• [Exercise prompt]: Would you give the listing back word for word once its pictures are removed?

• [Given information]:
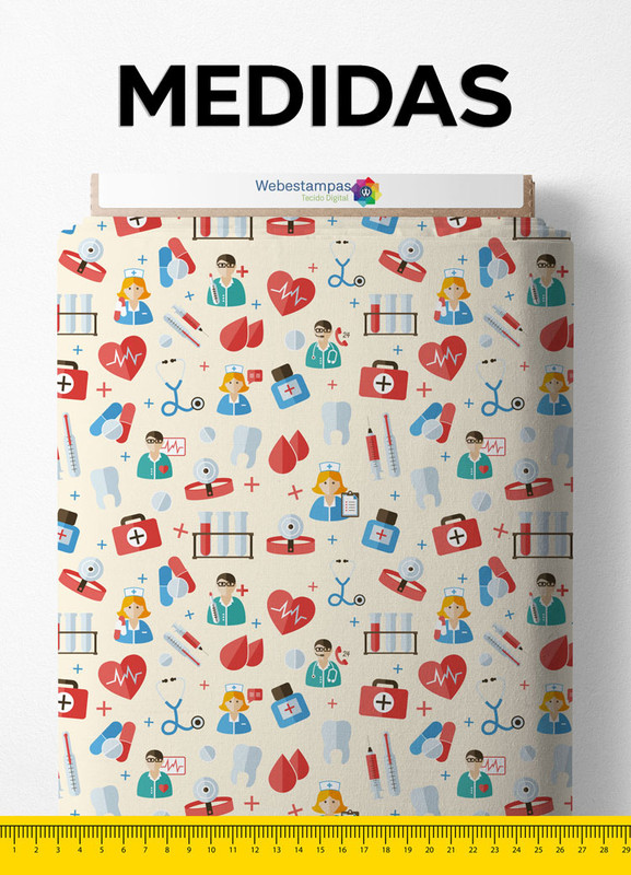 Tecido Tricoline Misto Estampa Digital Saúde 9 1,50m de Largura
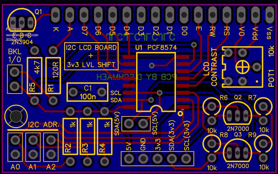 Hello Chris, the circuit is adapted from the original: ![]() But I have added a level shifter for 3v3 operation, since the picoMite demands 3v3. There is also an additional resistor "R1" (120R) which can be adjusted to your likings, since I found the original is way too bright (and if you don't use PWM this can be a good starting point). Main focus (besides 3v3) was to get rid of all SMD package components... except the PCF8574 of course. I've ordered some @ JLC yesterday and will report back if everything works. But I tripple checked the layout, should be fine. Greetings Daniel |
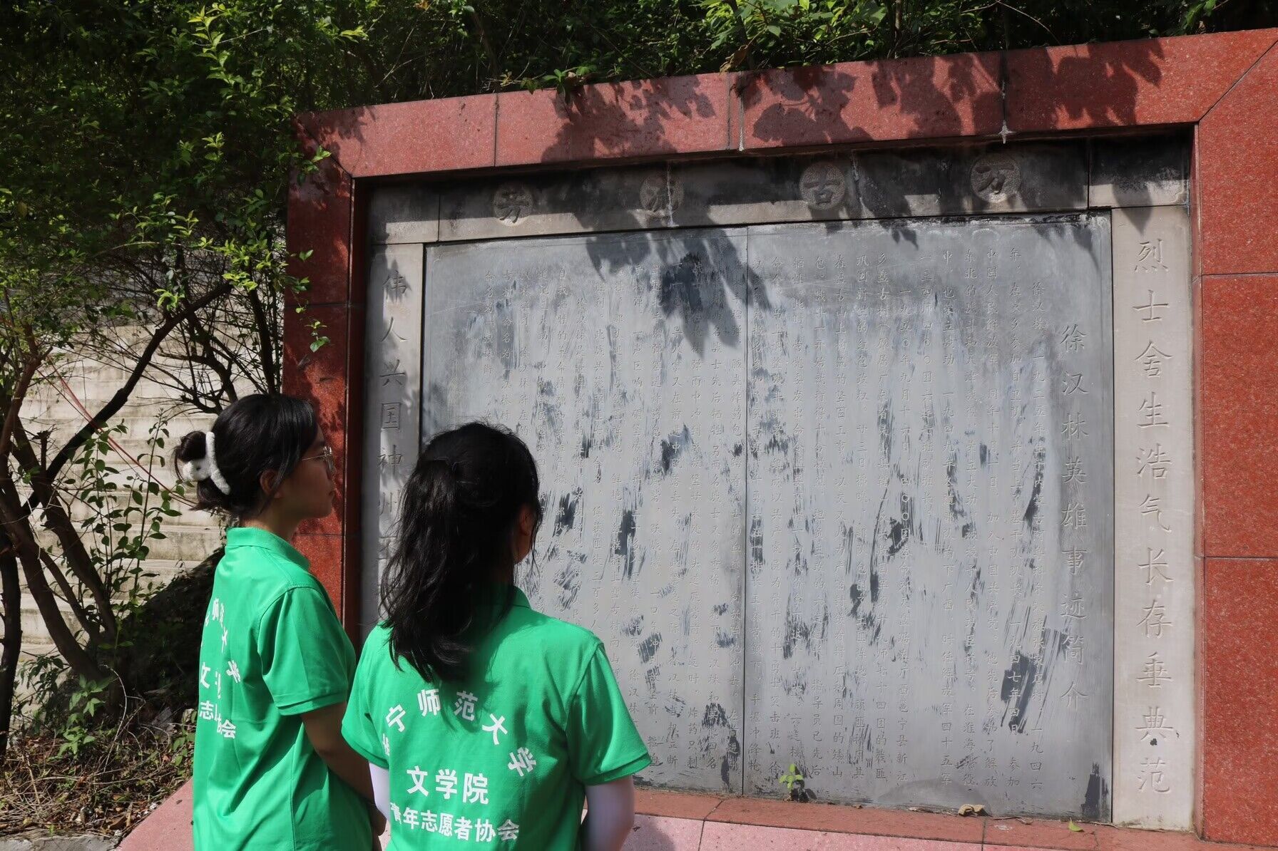 (成员们在了解徐汉林烈士的伟大革命事迹)
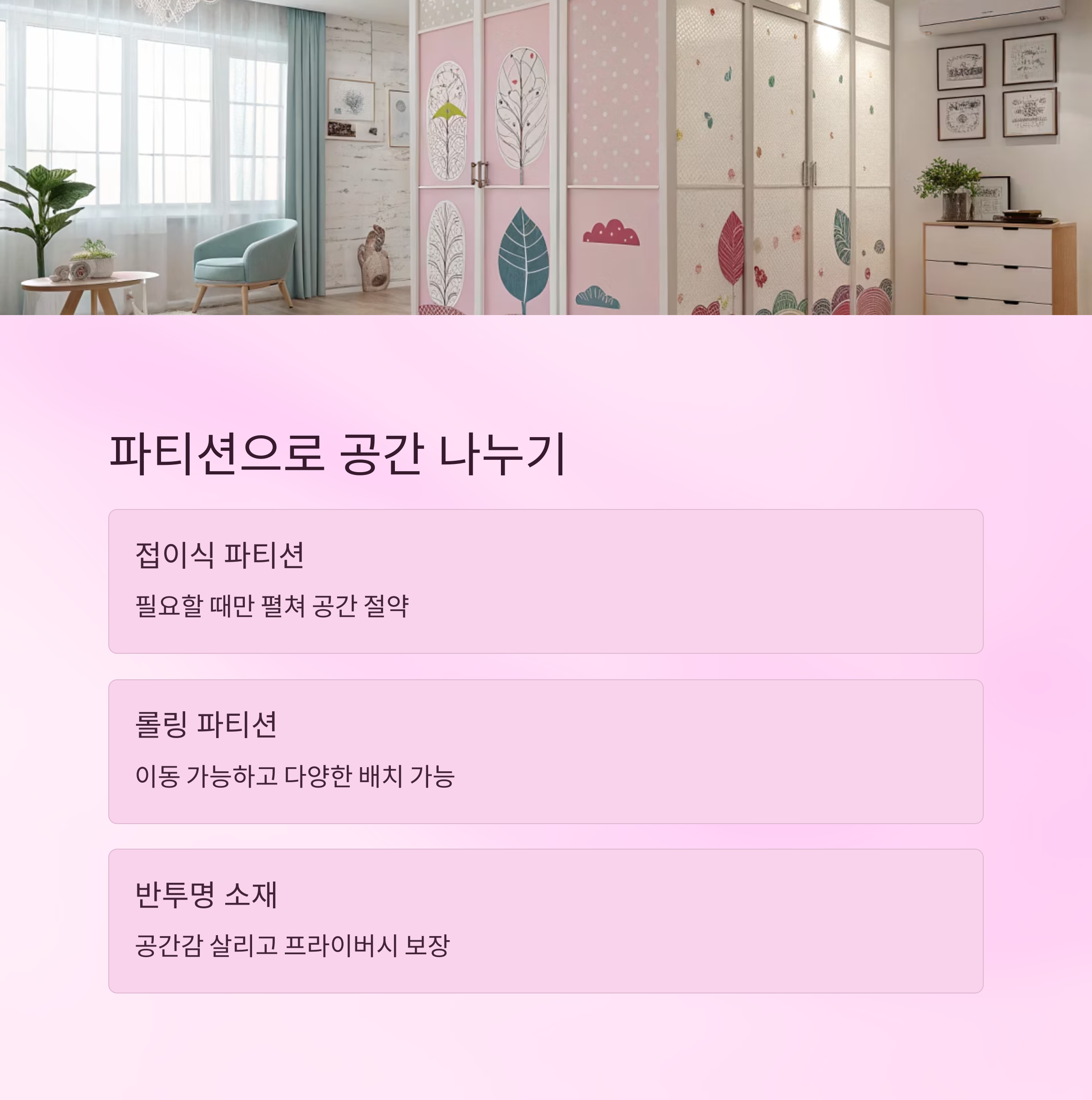 | 파티션 | 물리적 차단 확실 | 답답할 수 있음 | 거실/침실 분리 |

• [Answer to this exercise]:
 Tecido Tricoline Misto Estampa Digital Saúde 9 1,50m de Largura
 Hello Chris, the circuit is adapted from the original: ![]() But I have added a level shifter for 3v3 operation, since the picoMite demands 3v3. There is also an additional resistor "R1" (120R) which can be adjusted to your likings, since I found the original is way too bright (and if you don't use PWM this can be a good starting point). Main focus (besides 3v3) was to get rid of all SMD package components... except the PCF8574 of course. I've ordered some @ JLC yesterday and will report back if everything works. But I tripple checked the layout, should be fine. Greetings Daniel |
 (成员们在了解徐汉林烈士的伟大革命事迹)
 | 파티션 | 물리적 차단 확실 | 답답할 수 있음 | 거실/침실 분리 |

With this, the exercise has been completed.